Step 101 - Accuracy: Accuracy: 91.30%, ROCAUC: ROCAUC: 91.06%, Precision: Precision: 89.62%, Recall: Recall: 89.61%, F1-Score: F1: 89.62%

50 iteration:

Step 101 - Accuracy: Accuracy: 91.64%, ROCAUC: ROCAUC: 91.40%, Precision: Precision: 89.95%, Recall: Recall: 89.94%, F1-Score: F1: 89.95%

100 iteration:

Step 101 - Accuracy: Accuracy: 92.40%, ROCAUC: ROCAUC: 92.14%, Precision: Precision: 90.70%, Recall: Recall: 90.69%, F1-Score: F1: 90.70%

145 iteration:

Step 101 - Accuracy: Accuracy: 93.00%, ROCAUC: ROCAUC: 92.72%, Precision: Precision: 91.32%, Recall: Recall: 91.31%, F1-Score: F1: 91.31%

The model, after several loop executions, began to improve its performance.

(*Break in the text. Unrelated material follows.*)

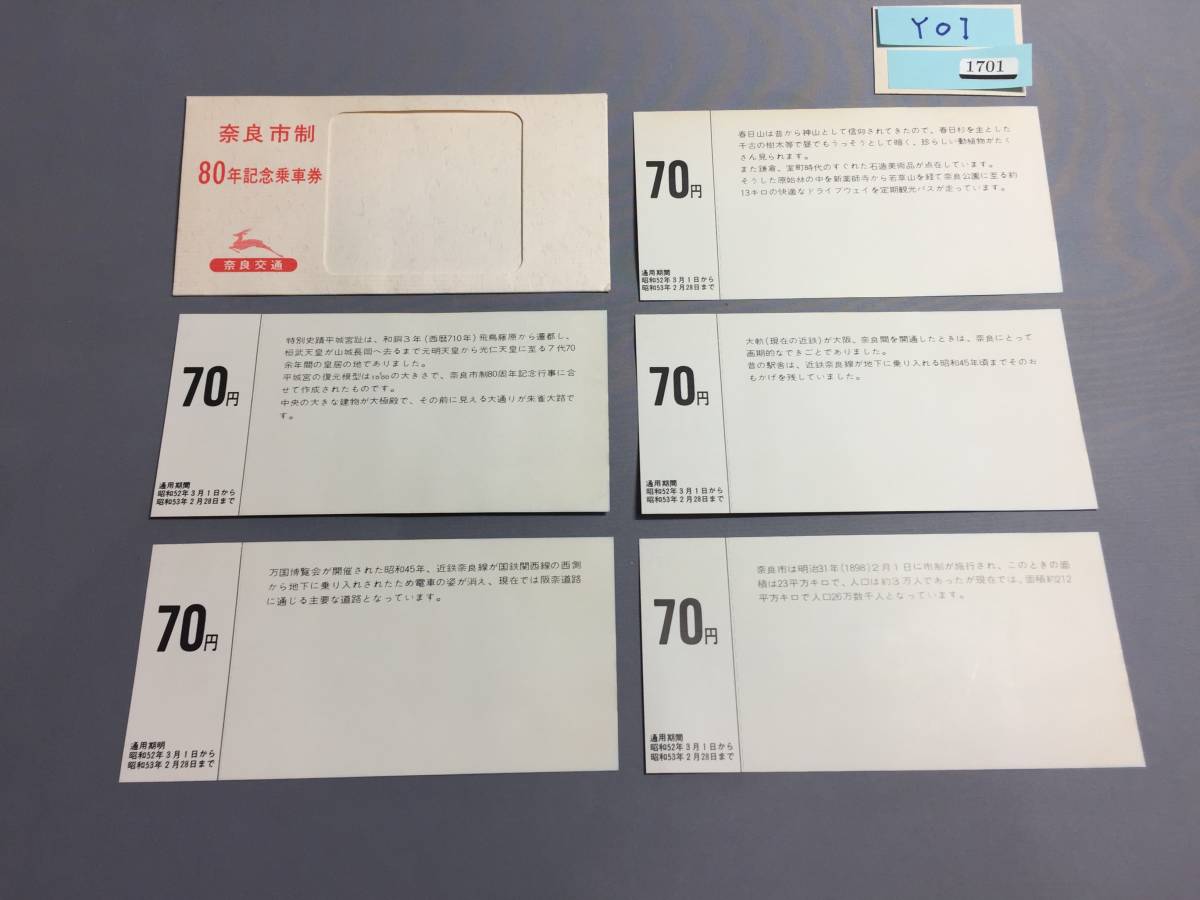 奈良交通 奈良市制80年記念乗車券 昭和52年 記念乗車券5枚 【Y01-1701】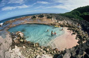 天然游泳洞(Swimming Hole)位于罗塔岛的北边,是由一圈珊瑚礁围绕成的天然海水浴场。聚集了缤纷的热带鱼群,海流稳定,清澈晶莹,脚底下是软软的细砂,是浮潜的最佳地点。不论是对当地人或是观光客来说,都是人气指数颇高的旅游点。

On the first execution of the loop, his Accuracy score was 91.08%, and on the 145th execution of the loop it was 93% - a significant difference. 

There is a precisely visible upward trend in the value of the metrics, which means that the model learns more and more with each successive execution of the loop.

All other metrics also improved significantly, on a similar scale to the Accuracy metric.

The Perceptron model achieved better results than the previously used Logistic Regression model. It is more effective in classifying data from this set, achieving higher accuracy and better quality indicators.